In my experience as an EMT in my location I have NEVER had an ALS provider "dump" at patient on my that truly needed to be put on a monitor/IV/etc. It always comes down to a conversation of their assessment and my assessment finding no need for an ALS unit to be tied up and me feeling comfortable taking on the patient. Even if this were to happen I hope you're not incinuating that EMT-B providers either have no backbone to say they can't handle it or way too much confidence. We are trained in what our scope of practice is just the same as other healthcare providers.
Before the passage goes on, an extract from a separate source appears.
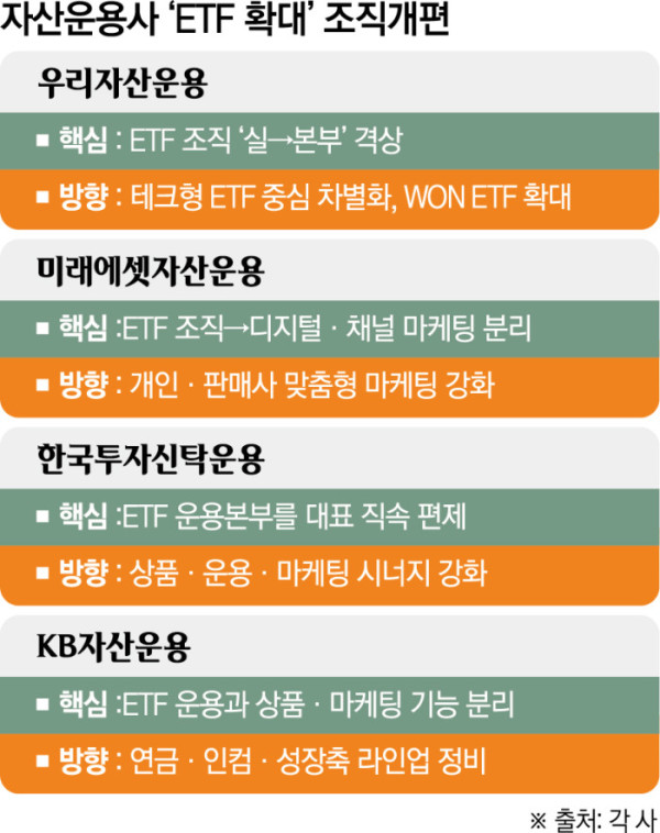 대형 운용사들도 ETF 조직을 세분화하며 기능별 경쟁력을 강화하고 있다. 미래에셋자산운용은 ETF 관련 조직을 디지털 마케팅과 채널 마케팅 부문으로 나눠 개인 투자자와 판매사별 맞춤 영업 전략을 강화하고 있다. 온라인 기반 투자자 유입과 증권사 채널 영업을 동시에 공략하겠다는 구상이다.

What I think is bugging most people here is that you are:

Attacking EMS providers for having a certificate and not a college degree----- NOT their fault. A problem with the system at most.

Blaming the cases in which a BLS provider brings in a ALS pt that's in imminent danger on said ALS providers. This is an attack on the morals of paramedics and is (from my experience) very untrue.

In my state we all perform our skills under the state EMS Medical Director protocols. Dr. Roger Stones' MD is what allows us to provide care and the extension of his expertise just like for nurses in the ER.

You are correct on one thing. There is a very omonious dark cloud looming over EMS, particularly in DC. I know what you have read but knowing people within the department, the problem is not from the providers, but from the cheif who runs the department in a constant state of fear for people losing their job over insane reasons (responding to a fire with vitctims inside rather than a less emergent call originally dispatched) and his corrupt buddy Mayor Gray who will soon be gone. I believe the changes in the department will be coming and they will again soon be recognized as one of the best performing departments in the nation.

I do hope you can find some faith in EMS within the personel who opporate within the trashed system. Best wishes.

Oh and FYI, I am an EMT-B and hold an associates which includes the addition of all of my nursing pre-reqs, am I more qualified than my peers?

No.

Maybe a tiny amount of that knowldege can be applied on a routine run, but in a real emergency I need my skills I trained in and the critical knowledge of where when and how to transport. Many of my fellow EMT's and Medics hold MULTIPLE graduate level degrees and would not be any more qualified. healthcare providers keep learning and training and we get better, all of us do.

Specializes in ER/Critical Care.

Whoa just read through the rest of this thread. Sorry I'm way off topic too :(

Specializes in ER.
I had a discussion with a European friend about this a while back. In a "universal healthcare" setting, they don't have this type of problem with people using EMS for non-urgent calls. Why? Because people who call for a cab-ulance get charged with fraud, criminally and civilly.

I would love to know where in Europe this happens : )

Its a worse problem in England that in the US, because healthcare is free and therefore abused.

I work registry/per diem in a London ER when in England and we recently had one of our frequent fliers come in via his 1,000th ambulance ride.

And there is nothing anyone can do to stop this.

He knows exactly what to say - chest pain, tingling jaw, short of breath, etc, etc, and nobody can challenge him.

He is on welfare and so there is no point sending him a bill, it will only get forwarded to taxpayers.

Now the system I DO like is apparently in either Aus or NZ, perhaps someone from that part of the world can enlighten me.

An ambulance ride costs the equivalent of I think around $50. You can pay at the time, or you can have a prepay card that you carry with you.

When you arrive in ER a doc assesses whether the journey by ambulance was clinically neccessary. If it was, you get your $50 back. If it wasn;t the ambulance company keeps your money and you get a letter in the mail educating you about appropriate use of the service.

I'm sure there must be some faults with this, but from what I have heard, it is surely the best system so far?

Anyone?

Specializes in Cardio-Pulmonary; Med-Surg; Private Duty.
I would love to know where in Europe this happens : )

The friend I was discussing it with lives in Finland.